[[ MATERIAL FOR THIS EXERCISE, beginning ]]

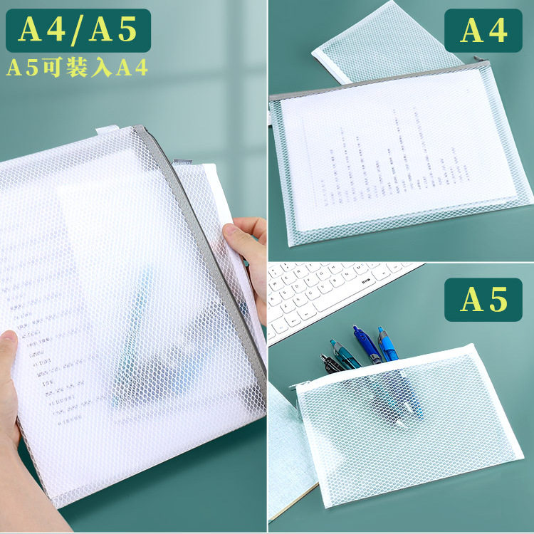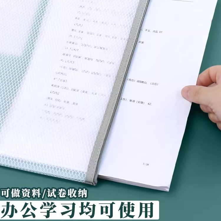 网格文件袋加厚透明网格拉链袋A4试卷收纳袋学生用考试文具袋防水笔袋办公用品批发公文档案袋资料袋包邮
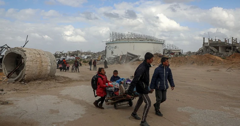 Des habitants évacués en raison du conflit à Beit Lahia, dans la bande de Gaza, le 20 mars. Photo: THX/TTXVN |
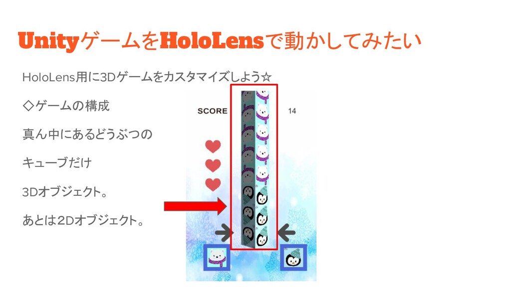 UnityゲームをHoloLensで動かしてみたい HoloLens用に3Dゲームをカスタマイズしよう☆ ◇ゲームの構成 真ん中にあるどうぶつの キューブだけ 3Dオブジェクト。 あとは2Dオブジェクト。
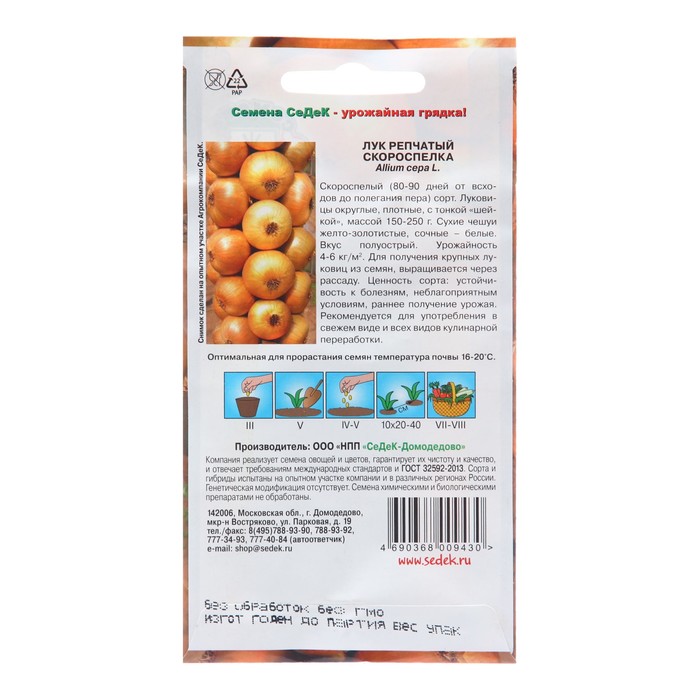 Скороспелый (80-90 дней от всходов до полегания пера) сорт. Луковицы округлые, плотные, с тонкой «шейкой», массой 150-250 г. Сухие чешуи желто-золотистые, сочные – белые. Вкус полуострый. Урожайность 4-6 кг/м2 . Для получения крупных луковиц из семян, выращивается через рассаду. Ценность сорта: устойчивость к болезням, неблагоприятным условиям, раннее получение урожая. Рекомендуется для употребления в свежем виде и всех видов кулинарной переработки.
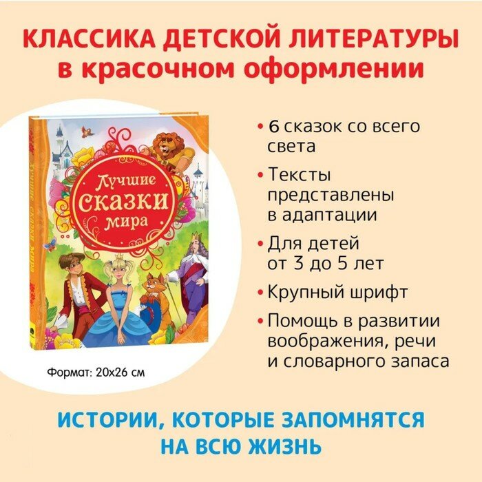 Книга «Лучшие сказки мира» распахнет перед маленьким читателем двери в удивительный мир приключений, небылиц и волшебных историй, которые останутся в памяти на всю жизнь. Издание станет прекрасным подарком малышу и верным спутником в часы досуга: познакомит с культурным наследием разных стран и народов и поможет развить фантазию и воображение.
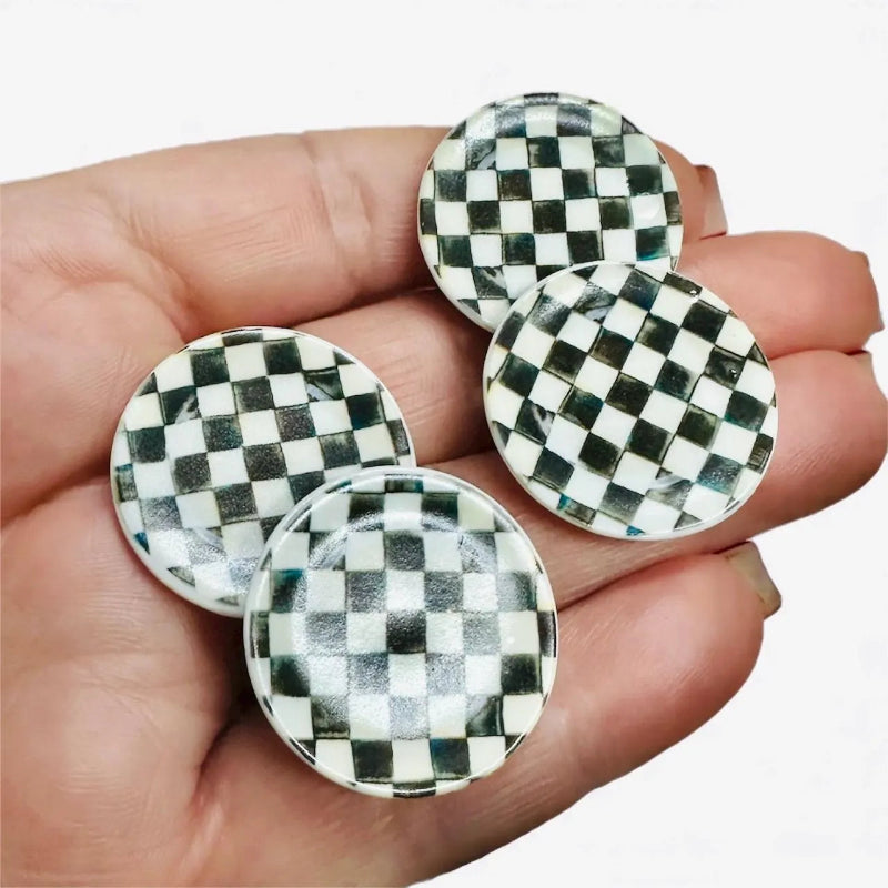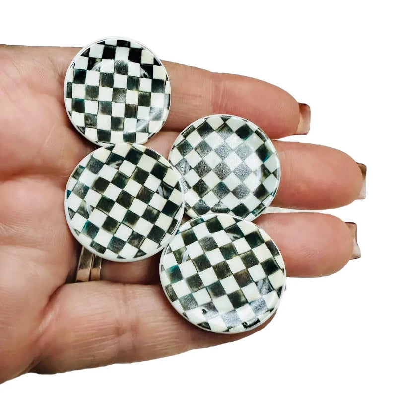 This listing is for a set of ceramic dishes featuring snowmen. The set includes 4 dishes, each measuring 1 inch.
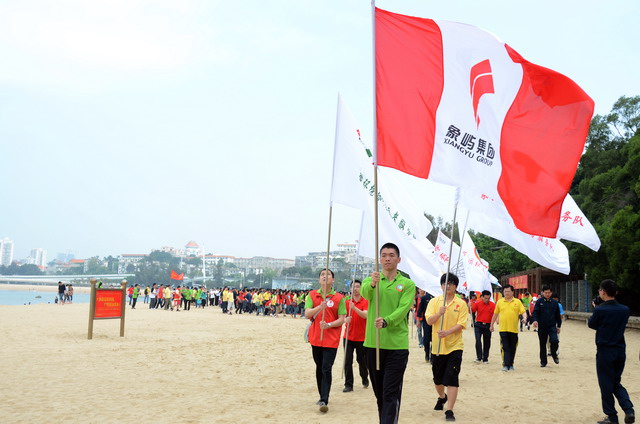 活動(dòng)啟動(dòng)儀式上,集團(tuán)公司黨委副書(shū)記、工會(huì)主席陳偉彬代表集團(tuán)領(lǐng)導(dǎo)班子向共建單位代表及全體員工致以節(jié)日的問(wèn)候!陳副書(shū)記表示,我們要尊重勞動(dòng)、謳歌勞動(dòng)者;我們要倡導(dǎo)運(yùn)動(dòng),褒獎(jiǎng)優(yōu)勝者;我們崇尚遠(yuǎn)大的理想,憧憬美好的未來(lái)。海軍南方局李躍峰副政委對(duì)象嶼集團(tuán)在勇?lián)鐣?huì)責(zé)任、傳承愛(ài)心善行方面所作的努力高度贊揚(yáng),并表示這對(duì)深入培育當(dāng)代革命軍人核心價(jià)值觀(guān)方面具有十分積極的推動(dòng)促進(jìn)作用。隨后進(jìn)行了“象嶼集團(tuán)縱走俱樂(lè)部”授旗儀式,集團(tuán)總裁張水利為縱走俱樂(lè)部授旗,號(hào)召更多縱走愛(ài)好者“走在一起,樂(lè)在一起”!集團(tuán)及海軍南方局領(lǐng)導(dǎo)、十佳員工及志愿者代表鳴槍發(fā)令,全體人員在司旗的帶領(lǐng)下,向著音樂(lè)廣場(chǎng)出發(fā)了!

[[ MATERIAL FOR THIS EXERCISE, end ]]

## WHAT YOU ARE ASKED TO DO
A verbatim copy of every record is to be produced, and pictures are to be excluded from it.

## TASK ANSWER
 网格文件袋加厚透明网格拉链袋A4试卷收纳袋学生用考试文具袋防水笔袋办公用品批发公文档案袋资料袋包邮
 Des habitants évacués en raison du conflit à Beit Lahia, dans la bande de Gaza, le 20 mars. Photo: THX/TTXVN |
 UnityゲームをHoloLensで動かしてみたい HoloLens用に3Dゲームをカスタマイズしよう☆ ◇ゲームの構成 真ん中にあるどうぶつの キューブだけ 3Dオブジェクト。 あとは2Dオブジェクト。
 Скороспелый (80-90 дней от всходов до полегания пера) сорт. Луковицы округлые, плотные, с тонкой «шейкой», массой 150-250 г. Сухие чешуи желто-золотистые, сочные – белые. Вкус полуострый. Урожайность 4-6 кг/м2 . Для получения крупных луковиц из семян, выращивается через рассаду. Ценность сорта: устойчивость к болезням, неблагоприятным условиям, раннее получение урожая. Рекомендуется для употребления в свежем виде и всех видов кулинарной переработки.
 Книга «Лучшие сказки мира» распахнет перед маленьким читателем двери в удивительный мир приключений, небылиц и волшебных историй, которые останутся в памяти на всю жизнь. Издание станет прекрасным подарком малышу и верным спутником в часы досуга: познакомит с культурным наследием разных стран и народов и поможет развить фантазию и воображение.
 This listing is for a set of ceramic dishes featuring snowmen. The set includes 4 dishes, each measuring 1 inch.
 活動(dòng)啟動(dòng)儀式上,集團(tuán)公司黨委副書(shū)記、工會(huì)主席陳偉彬代表集團(tuán)領(lǐng)導(dǎo)班子向共建單位代表及全體員工致以節(jié)日的問(wèn)候!陳副書(shū)記表示,我們要尊重勞動(dòng)、謳歌勞動(dòng)者;我們要倡導(dǎo)運(yùn)動(dòng),褒獎(jiǎng)優(yōu)勝者;我們崇尚遠(yuǎn)大的理想,憧憬美好的未來(lái)。海軍南方局李躍峰副政委對(duì)象嶼集團(tuán)在勇?lián)鐣?huì)責(zé)任、傳承愛(ài)心善行方面所作的努力高度贊揚(yáng),并表示這對(duì)深入培育當(dāng)代革命軍人核心價(jià)值觀(guān)方面具有十分積極的推動(dòng)促進(jìn)作用。隨后進(jìn)行了“象嶼集團(tuán)縱走俱樂(lè)部”授旗儀式,集團(tuán)總裁張水利為縱走俱樂(lè)部授旗,號(hào)召更多縱走愛(ài)好者“走在一起,樂(lè)在一起”!集團(tuán)及海軍南方局領(lǐng)導(dǎo)、十佳員工及志愿者代表鳴槍發(fā)令,全體人員在司旗的帶領(lǐng)下,向著音樂(lè)廣場(chǎng)出發(fā)了!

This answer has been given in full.